Jamaat-e-Islami as formed on 26 August 1941 at Lahore under the leadership of Sayyid Abul A'la Maududi. After the Partition members of the organisation remaining in what became the Republic of India, re-organised themselves to form an independent party, having its own Constitution and separate leadership and organisational structure from Jamaat-e-Islami, Pakistan. Although India was a Hindu-majority country, and beset by at times violent Hindu-Muslim sectarianism, Maududi believed that there was "at least a 60 per cent chance for Islam’s success" in India—Islam as a complete way of life, devoid of nationalism, socialism, liberalism or any other non-Islamic ideologies.

The Indian Jamaat-e-Islami came into being in April 1948 at Allahabad and was officially called "Jamaat-e-Islami Hind". 240 members attended the first meeting and elected Maulana Abul Lais Nadvi as their Amir (leader), and established their headquarters at Malihabad, Lucknow, U.P. Later, the headquarters was shifted to Rampur in 1949 and then to New Delhi in 1960.

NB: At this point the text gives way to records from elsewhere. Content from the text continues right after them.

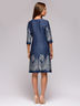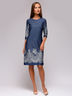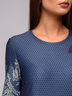 Платье синее длины мини с имитацией кружева на подоле и рукавах.
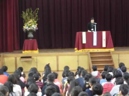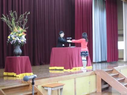 今日は27年度の修了式です。昨日,6年生が卒業しましたので,1〜5年生が並ぶと少し広く感じてしまいます。5年生の代表が校長先生から修了証をいただきました。他のみんなは各教室で担任から渡されます。保護者の皆様,地域の皆様,1年間ありがとうございました。
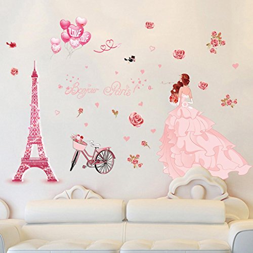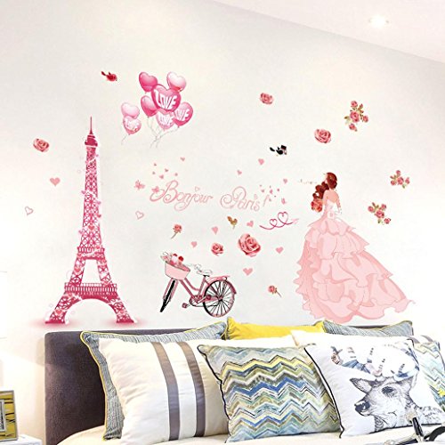 -. Title : Iuhan Bonjour Paris wall sticker lovely sweet girl with rose mural Decor Bedroom Home sticker Wall
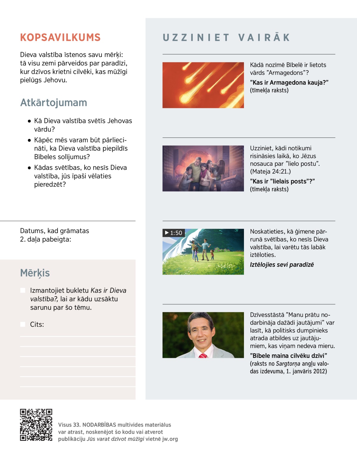 Dieva valstība īstenos savu mērķi: tā visu zemi pārveidos par paradīzi, kur dzīvos krietni cilvēki, kas mūžīgi pielūgs Jehovu.
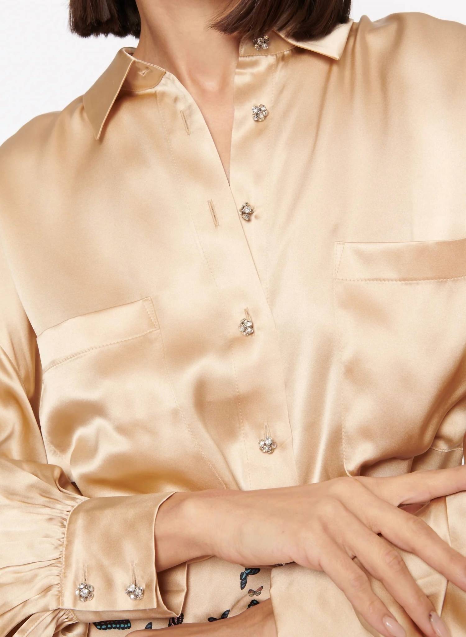 Who doesn't love a good bodysuit? Bodysuit is constructed from a glossy silk charmeuse and is a versatile and effortless fit. This collared bodysuit is a drop shoulder, long sleeved silhouette, featuring a functional center-front placket with crystal buttons. The Belkis Charmeuse Bodysuit is finished with functional wrist-cuffs and front patch pockets. True to size. Cheeky bottom. Models wear size XS. Dry Clean & Steam Only.
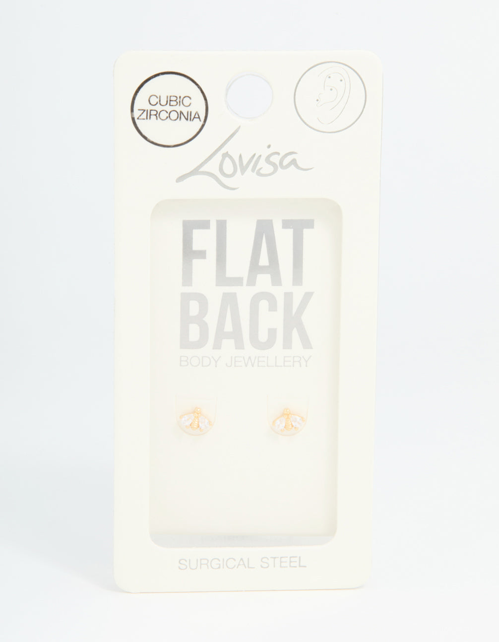Gold Plated Surgical Steel Double Bee Cubic Zirconia Flat Back Studs

Jamaat-e-Islami Hind then underwent a process of reorganisation, reframing its constitution and written policy. The new constitution came into effect on 13 April 1956. The organisation held an All-India Meet at Rampur (U.P) in 1951 followed by meetings at Hyderabad (1952) Delhi (1960), Hyderabad (1967), Delhi (1974), Hyderabad (1981), Hyderabad (1997) and Delhi (2002). It has also held regional conferences on various occasions in different parts of the country. The state chapters of the organisation also hold separate conferences at regular intervals.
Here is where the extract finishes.